How does the number of groups affect the cost of the shuffling phase?

0 votes

In the Coursera course Hadoop Platform and Application Framework (week 4, lesson 2), it is stated that the cost of shuffling depends on the number of groups, i.e. the number of distinct keys. Therefore, it was suggested that keys be merged into bins to reduce the cost of the shuffling phase. I would like to understand how exactly the cost of shuffling depends on the number of groups. 

Is would seem that the amount of data that needs to be transferred to the reducers is the same with or without bins. I realize that the number of transfers is reduced by using bins, so that some components of the costs of the network transfers are paid fewer times. But isn't Hadoop smart enough to transfer at once all the keys destined to the same reducer?
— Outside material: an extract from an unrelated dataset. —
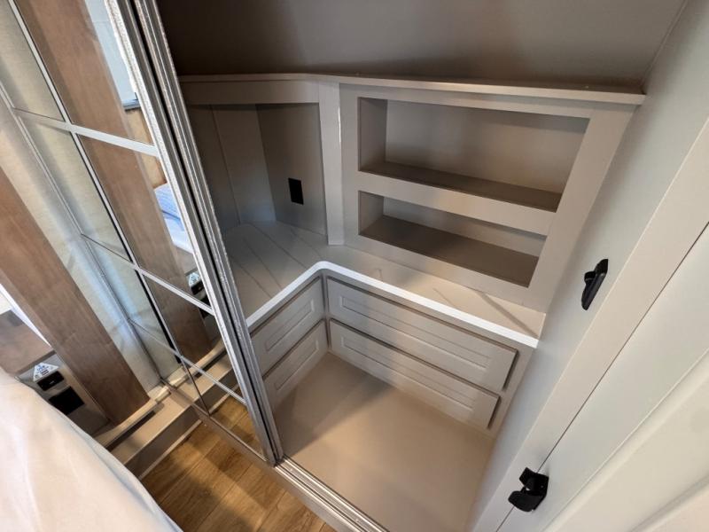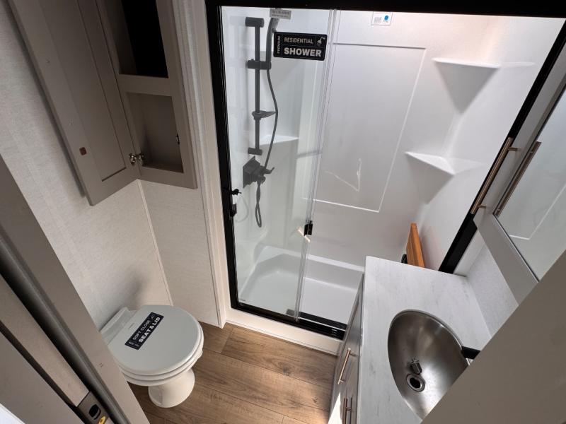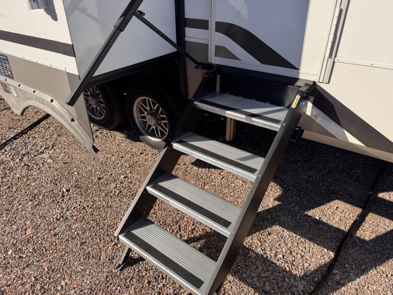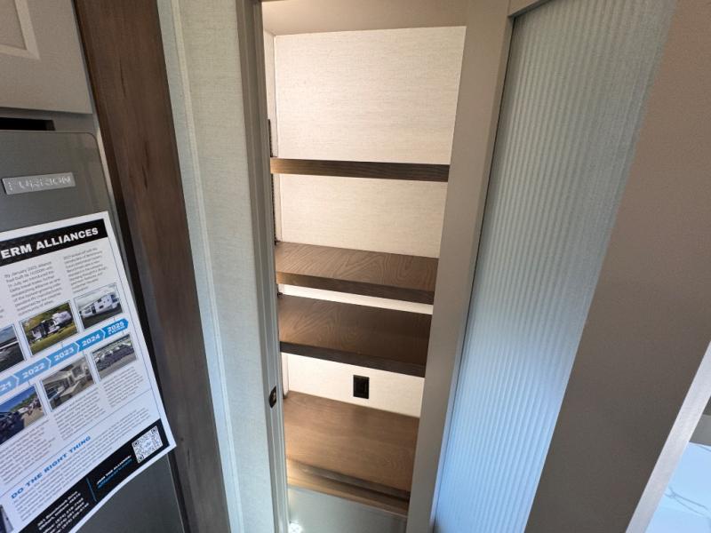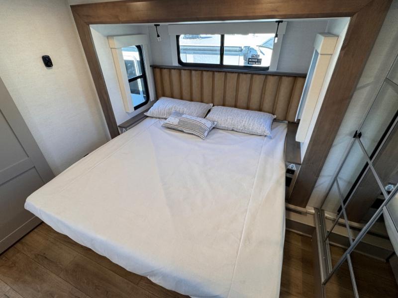 The Paradigm fifth wheels by Alliance RV are functional, high-quality, and luxurious for an unforgettable camping experience. There are three A/C units and a 40K BTU furnace to keep you comfortable year around, and you'll appreciate additional convenient amenities, like the all-in-one enclosed/heated utility center and the color coded and numbered wiring. A Helux Series coil spring pin box comes standard for hassle-free towing, along with Super-G 4,400 lb. rated tires and Dexter 7,000 lb. axles. You'll love the kitchen with its LG solid surface countertops and Lusso range, plus there is LED motion lighting in the pantry and a Maxx fan with a rain sensor to keep everything fresh when making dinner. Each model also includes an HD Smart TV in the living room and bedroom, plus a Winegard Air 360 antenna to keep you connected to the outside world. And of course there are a variety of options you can choose from to further customize your fifth wheel; dual pane windows, Super Solar Plus, slide out awning toppers, and generator prep or a generator to name a few!

Jan 22 in Big Data Hadoop by anonymous

edited Jan 22 33 views

1 answer to this question.

0 votes

Shuffle happens with key-value pairs. So, when you merge the keys, the number of shuffles required will also decrease and hence decreases the cost. When merging less number of keys, significant change might not be observed but when you merge a large number of keys, the cost will drastically reduce. 

Here, you can see how the number of tasks is reduced when the keys are merged. Hadoop only knows to handle the key-value pairs during shuffle so it wouldn't understand to transfer at once all the keys destined to the same reducer.

answered Jan 22 by Omkar
• 67,480 points

Related Questions In Big Data Hadoop

0 votes
1 answer

How to set the number of Map & Reduce tasks?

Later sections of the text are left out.